The package requires Python 3.10 or higher. Install the package from PyPI:

```bash
pip install geo-sampling
```

For development installation:

```bash
git clone https://github.com/geosensing/geo_sampling.git
cd geo_sampling
pip install -e .
```

## Usage

The package provides two main CLI commands:

### geo_roads
Process geographic regions to extract road segments:

```bash
geo_roads -c Singapore -n North -l 1
```

### sample_roads
Sample from processed road segments:

```bash
sample_roads input_roads.csv output_sample.csv --sample-size 100
```

## Documentation

* [Installation Guide](docs/install.rst)
* [Usage Examples](docs/usage.rst)  
* [Sample Workflow](docs/workflow.rst)

For complete documentation, visit the [project documentation page](https://geosensing.github.io/geo_sampling/).

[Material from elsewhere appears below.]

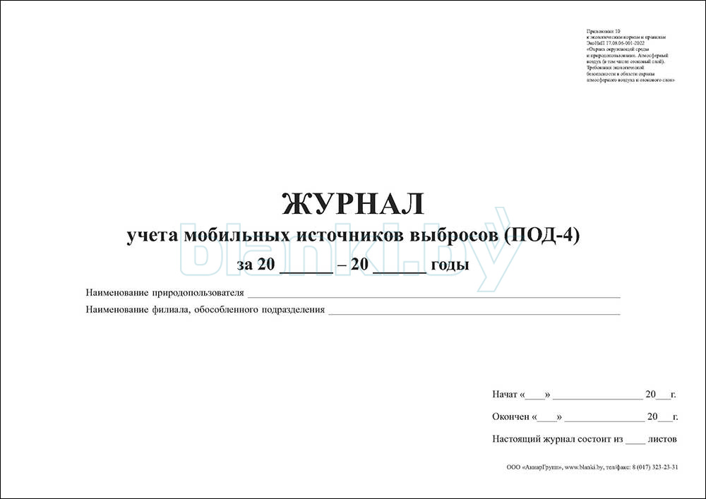 - журнал ПОД-4 для юридических лиц, имеющих на своем балансе согласно бухгалтерской документации 25 и более мобильных источников выбросов;
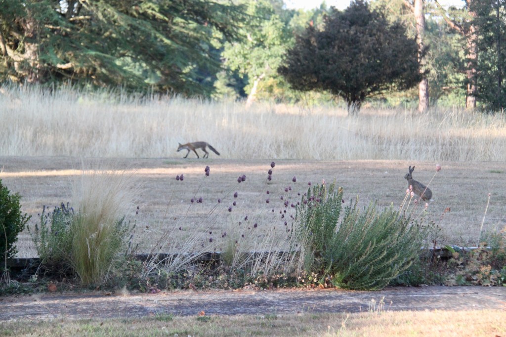 Harry wasn’t overly happy to see Freddy. He stood up on his hind legs, as tall as he could, for as long as he could. Then, a few seconds rest before repeating his act to show how big and scary he was. Freddy wasn’t interested, fortunately, and just carried on his way. Poor Harry sat tall for ages afterwards, ears pricked, on high alert, but all ended well.

## 🔗 Adjacent Repositories

- [geosensing/latlong-to-zip](https://github.com/geosensing/latlong-to-zip) — Reverse Geocode Lat/Long to Zip Codes using GeoNames, AskGeo, or Google. Compare Geocoding Services.
- [geosensing/geosensing.github.io](https://github.com/geosensing/geosensing.github.io) — Geosensing project website

## Authors

Suriyan Laohaprapanon and Gaurav Sood

## License

Scripts are released under the [MIT License](LICENSE).